醫務處的門道,小羅知道的可不比自己少,而且每每都會有天馬行空的想法。
或是降維打擊,像自己參股的肛腸醫院那次,就是小羅教授幫著壓下來的。
解決了問題,事情沒有發酵,可以說這件事處理的相當完美。
“行啊,那你去忙吧。”馮子軒道,“涉及AI的事情,你早點跟我說,我的意思是出事的話。”
“好。”
羅浩也不多說什麼,應下來後去樓上找莊永強。
馮子軒心裡有點怪怪的。
醫生不能共情,這是真的;醫務處的人更不能共情。
馮子軒已經經過千百次的淬鍊,沒想到今天有點破了功。
也是最近被醫保給鬧的,馮子軒心裡安慰自己。
他和唐主任聊了幾句,讓唐主任安排,把事情推進一下。
院方聯絡的話還是比較容易的,老郭主任被喊來,一臉不高興。馮子軒陪著笑臉,給退休的老主任以足夠的尊重。
由老郭主任聯絡,找到了儲存臍帶血的機構。
和那面約好了第二天下午在糾紛辦見患者家屬,這些事情馮子軒做的簡單幹脆。
唐主任是他一手培養起來的,做事的風格與馮子軒一模一樣,沒什麼好挑剔的。
安排妥當後,馮子軒給羅浩留了個資訊,告訴羅浩時間安排。
具體到時候羅浩來或是不來,馮子軒完全不關心。
第二天下午,羅浩一早就趕過來。
馮子軒想到羅浩會熱心,卻沒想到會這麼熱心。
“馮處長。”
“小羅,你該不會想做點什麼吧。”馮子軒有些忐忑。
羅浩年紀不大,遇到世間不公的事情,估計心裡面多少還是會有一些大路不平旁人鏟的想法。
可哪有那麼多旁人,這麼做的話極有可能為以後留下隱患。
馮子軒想要提醒兩句。
“馮處長,我就是來看看熱鬧,以後師兄師姐們在群裡說什麼事兒,我也能插得上嘴。”羅浩笑笑,乾淨而清爽。
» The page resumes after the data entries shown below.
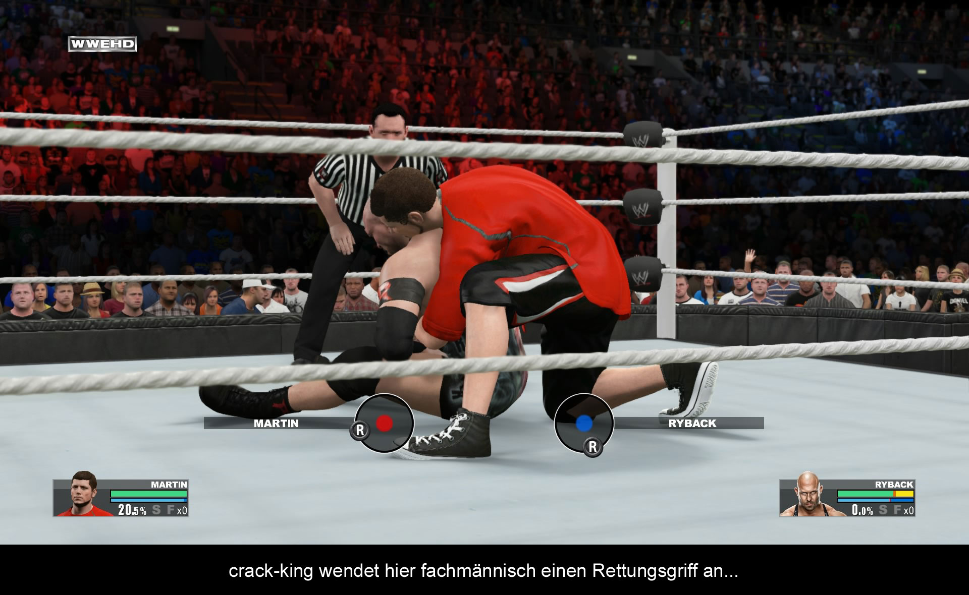 Gameplaymäßig kommt mit WWE 2K15 definitiv keine Revolution, aber durchaus ein paar Änderungen. So gibt es neuerdings eine dreigeteilte Ausdauer- und Lebenspunkteanzeige. Die Ausdaueranzeige verfügt über drei Balken und signalisiert eben wie stark der Spieler noch ist. Wer also von Beginn an wie ein Berserker auf den Gegner einprügelt, hinterlässt zwar bleibenden Eindruck, aber hat dann Probleme aufzustehen, wenn der Gegner einem einen heftigen Schlag verpasst. So muss man hier das Gleichgewicht halten und aufpassen, denn sobald ein Balken mal weg ist, bekommt man ihn nicht wieder. Nur innerhalb eines Balkens regeneriert die Ausdauer mit der Zeit. Zudem findet sich unterhalb der Ausdaueranzeige die sogenannte „Schwung“-Anzeige, die nach erfolgreichen Angriffen steigt. Je nach Charakter steigt sie schneller oder langsamer und erreicht sie 100% erhält man einen Signature Move. Kann man diesen erfolgreich ausführen, erhält man sogar einen Finisher-Move. Kann der Gegner diesen aber Kontern verliert man seinen Signature oder Finnischer Move und der Gegner erhält die Möglichkeit für einen Finisher. Obwohl man also den Gegner an die Wand spielt, kann durch einen Konter der komplette Kampfverlauf über den Haufen geworfen werden. Kontern ist sowieso das halbe Leben in dem Spiel. Denn nur so kann man sich gegen die Angriffe der Gegner wehren. Wer das Kontern nicht drauf hat, wird leider keine Chance haben. Ansonsten ist das Gameplay im Kern identisch geblieben, auch wenn die Griffe jetzt in eine Art Schere Stein Papier Spiel ausarten. Denn sobald man einen Gegner in die Mangel nehmen möchte, hat man die Wahl zwischen drei Griffen, wie im Schere-Stein-Papier Prinzip. Je nachdem wer gewinnt, hat derjenige Spieler dann die Oberhand und kann seinen Gegner dann beackern. Die Position kann auch gewechselt werden, indem man den rechten Analogstick in eine bestimmte Position bringt und hält. Der Gegner kann sich so auch befreien und es kommt am Ende darauf an, wer schneller ist. Leider nicht sonderlich herausfordernd, da der Ausgang davon nur mit Glück zu tun hat. Ansonsten hat sich nicht viel getan und viele der Kampfanimationen wirken immer noch etwas steif, aber immerhin merkt man es beim Spielen kaum.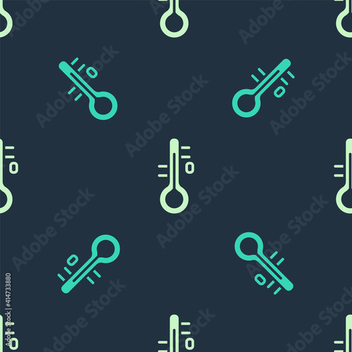 Green and beige Sauna thermometer icon isolated seamless pattern on blue background. Sauna and bath equipment. Vector.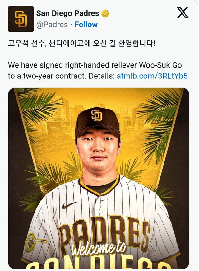 (엑스포츠뉴스 김지수 기자) 미국 메이저리그 샌디에이고 파드리스가 LG 트윈스 투수 고우석의 영입을 공식 발표했다. 한국어로 "환영합니다"라는 인사까지 건네며 KBO리그 최고의 마무리 투수를 반겨줬다.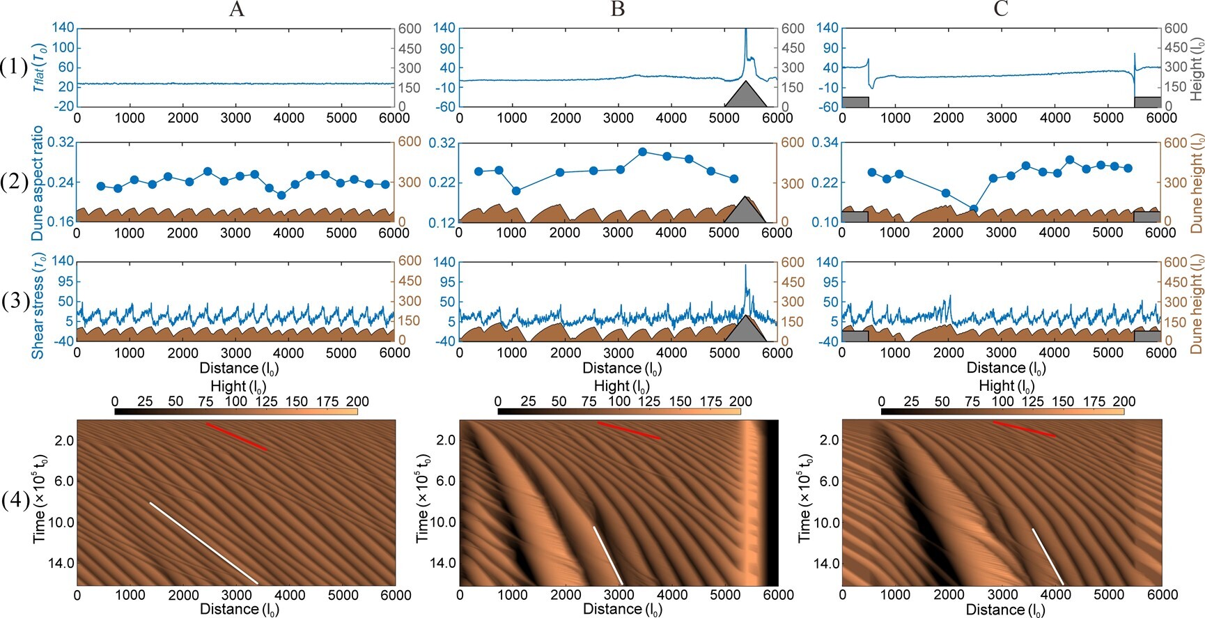 數(shù)值模擬結(jié)果揭示了沙山發(fā)育的核心機(jī)制:平坦地形下沙物質(zhì)均勻分配,抑制高大沙山發(fā)育;山體、盆地等正負(fù)地形引發(fā)剪切應(yīng)力突變,增強(qiáng)沙通量匯聚與沙丘碰撞融合,加速沙丘“粗化”長(zhǎng)高。地形通過(guò)持續(xù)塑造風(fēng)場(chǎng)與沙源空間異質(zhì)性,成為高大沙山形成的關(guān)鍵動(dòng)力。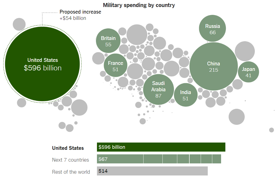 There is much to notice and wonder about the amount of military spending and the amount of military spending per capita. Examine broad regions of the world that have the most spending. What surprises you from this bubble map? Notice and wonder about the nine additional graphs from the article.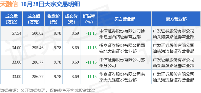 证券之星消息,10月28日天融信发生大宗交易,交易数据如下: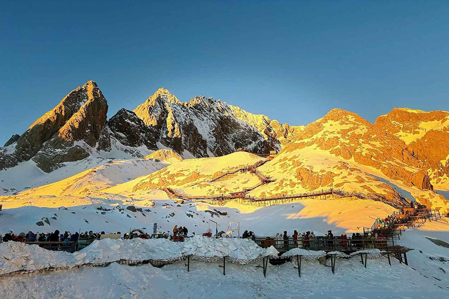 • Đối với khách hàng đăng ký thành công lên đỉnh Núi tuyết Ngọc Long, độ cao 4500m. Quý khách di chuyển bằng đường cáp Glacier. (Vui lòng báo lại đơn vị đặt tour đăng ký cáp treo 4500m trước 10 ngày so với ngày khởi hành, phụ thu 130 tệ/khách)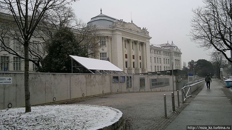 Музей находится недалеко от Шёнбруна. Мы поехали на метро и вышли на станции, которая ближе к зоопарку, и зря. Шли мы достаточно долго вдоль шоссе, огороженного от тротуара забором. Вспомнился фильм "Приключения желтого чемоданчика", где Пельцер говорила:"Неужели нет конца этому бесконечному, бесчеловечному забору..."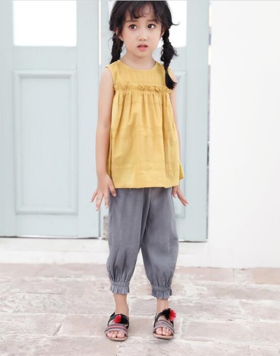 这套搭配就是比较偏休闲的系列,一眼看上去就非常的舒适,一件淡黄色的背心式上衣就相当的可爱活泼了,胸口处还有小花边的设计,非常的精致。下身是一条灰色的灯笼裤,宽松的裤子穿起来会非常的舒适,尤其是对于活泼爱动的小孩子来说,比较舒适宽松的衣服更博得他们的喜欢。这套颜色的搭配也很和谐,很自然。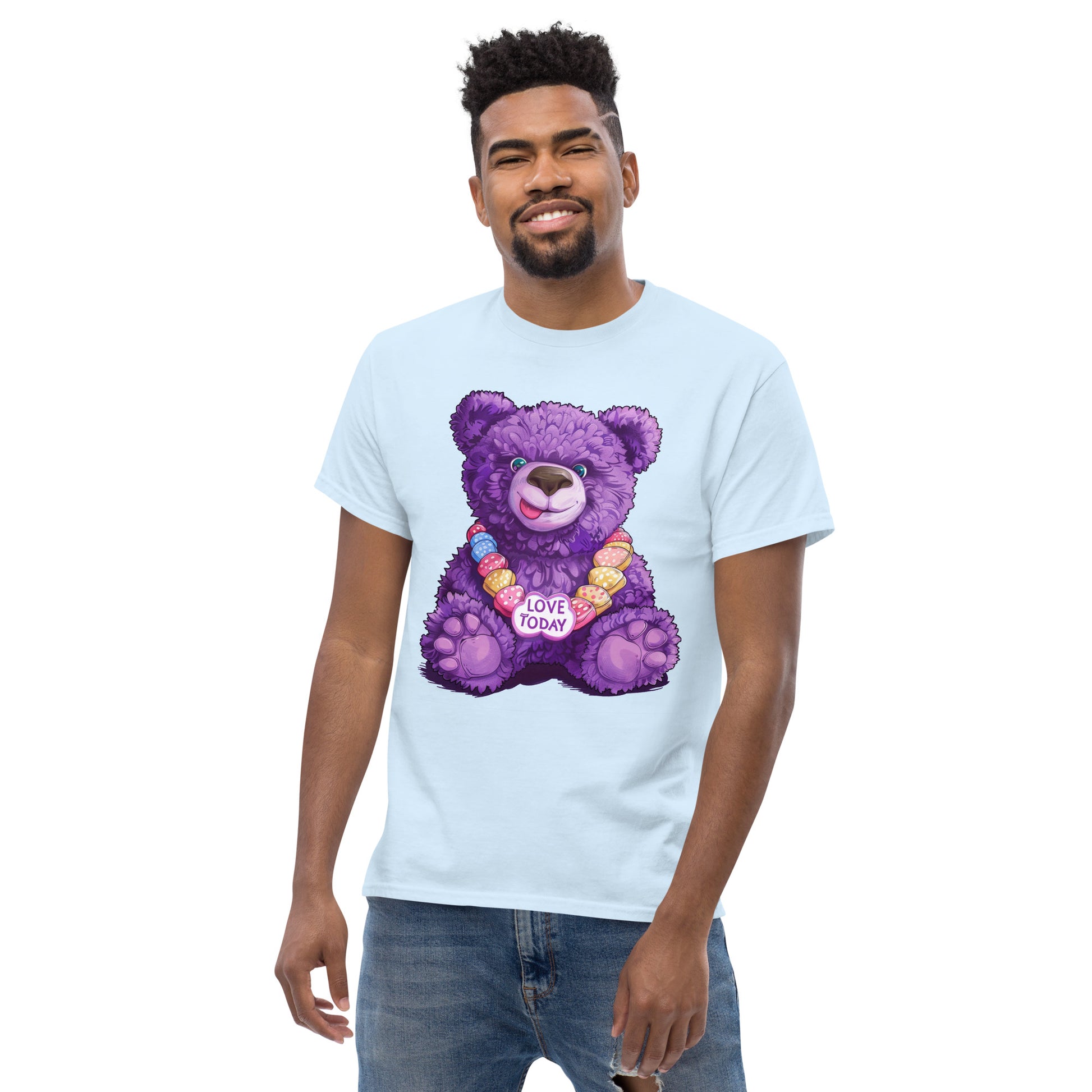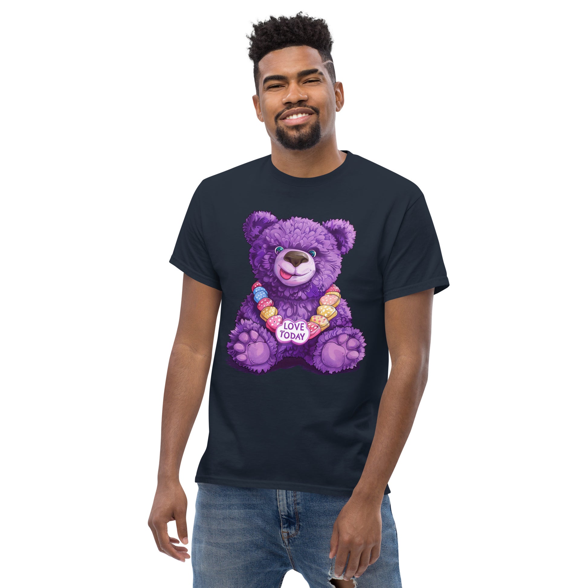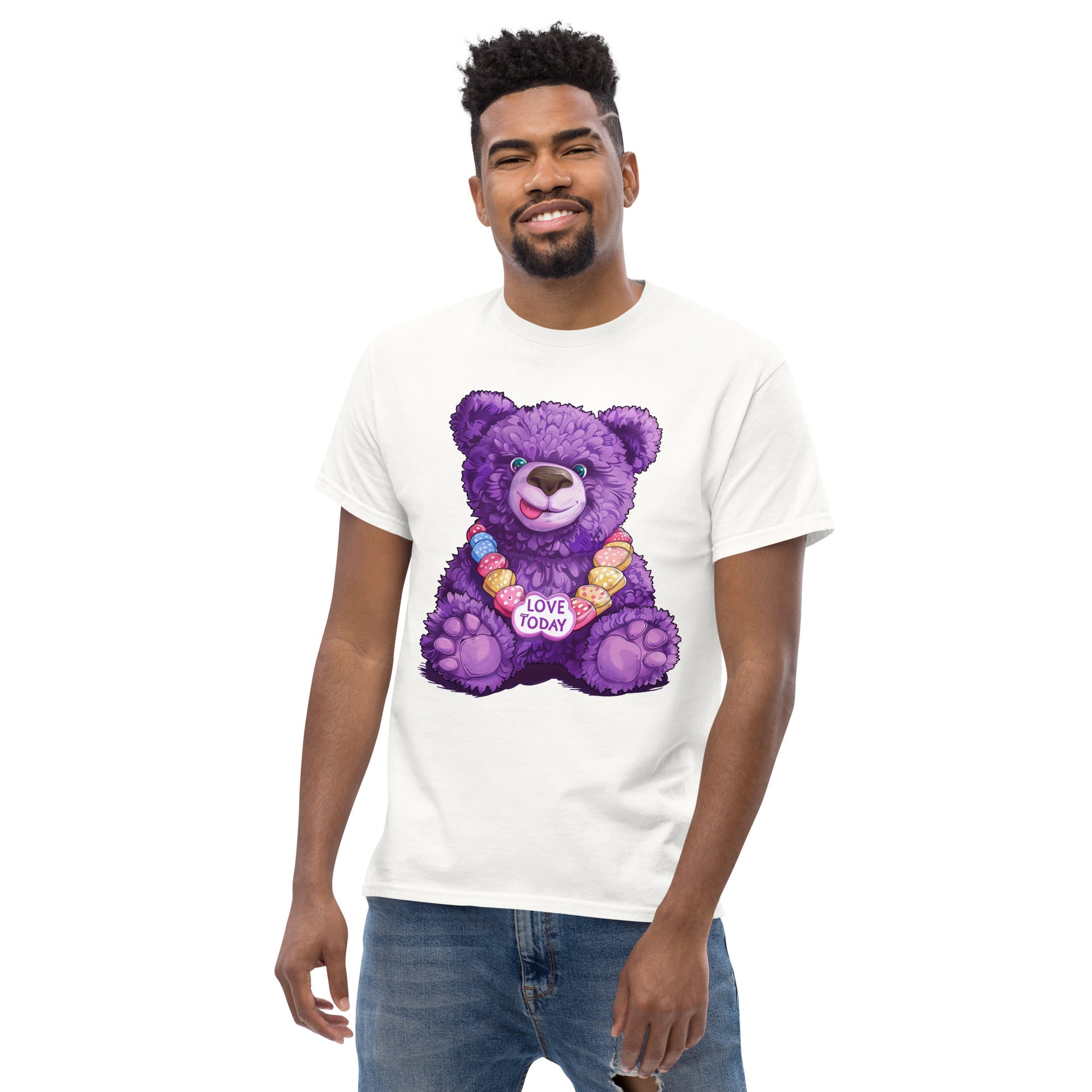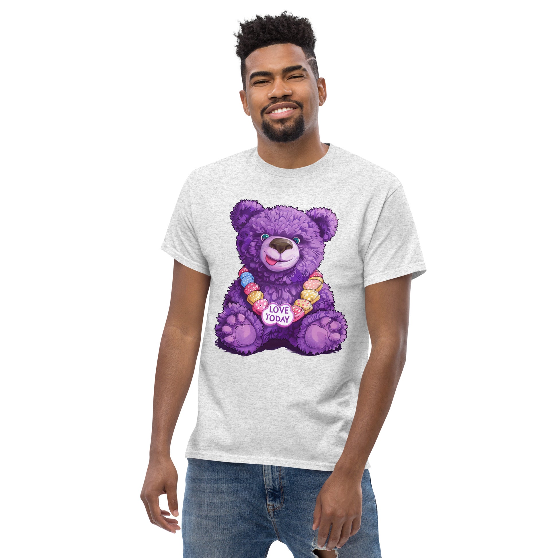 Join the "Cuddle Crew" with our Party Bear T-Shirt, where comfort meets jubilant design. This tee features the cheerful purple Party Bear, ready to bring a smile and a splash of fun to your day. Emblazoned with candy hearts that echo the "Love Today" motto, it's a wearable reminder to embrace the sweetness of life. Perfect for those who love to wear their heart on their tee and spread happiness wherever they go.

“要是這樣可就好了。”馮子軒道,“小羅你可別有什麼想法,柴老闆說得對。”
“嘿。”
“這機構身後有什麼勢力你不知道,一旦交惡,說不定把你簡單模式的生活變成困難模式。”
“我懂,馮處長,您放心。”羅浩道。
放心?羅浩說得越簡單,馮子軒就越是無法放心。
“那面的機構還能聯絡上,不容易啊。”羅浩很自然地說道,“我以為已經出國了呢。”
“好像這些年的生意做的還不錯。”
“生意,生意。”羅浩嘴裡喃喃地說道。
馮子軒拍了拍羅浩的肩膀,“你傑青那面怎麼樣了。”
“按部就班的走,應該沒問題。”
“那就好,這才是你要上心的地方。”馮子軒已經沒了昨天的焦躁,耐心的安慰羅浩。
“是,馮處長您別擔心,我知道輕重。現在每一年都很重要,傑青、三大獎拿到手之後都不能放心。什麼時候真的當上院士,才能鬆一口氣。”
你知道就好,馮子軒心裡想到。
時間已經到了約定的點兒,可那面的人還沒來。馮子軒也不著急,和羅浩聊著臨床上的事兒。
足足晚了兩個多小時,一個四十多歲的中年男人帶著一個二十多歲剛畢業的女生走進來。
“綠蕾生物的呂總。”女生進門後介紹道。
唐主任有些不耐煩,但還是堆滿了笑容起身。
他伸出手,可呂總卻沒和他握手,擦肩而過。
呂總挺著微微發福的肚子走到椅子胖。
一身剪裁考究的深灰色西裝,袖口露出鋥亮的鉑金袖釦。
他下巴微抬,眼角下垂著,目光從會議室每個人臉上輕飄飄地掠過,像在檢閱一群不夠格的供應商。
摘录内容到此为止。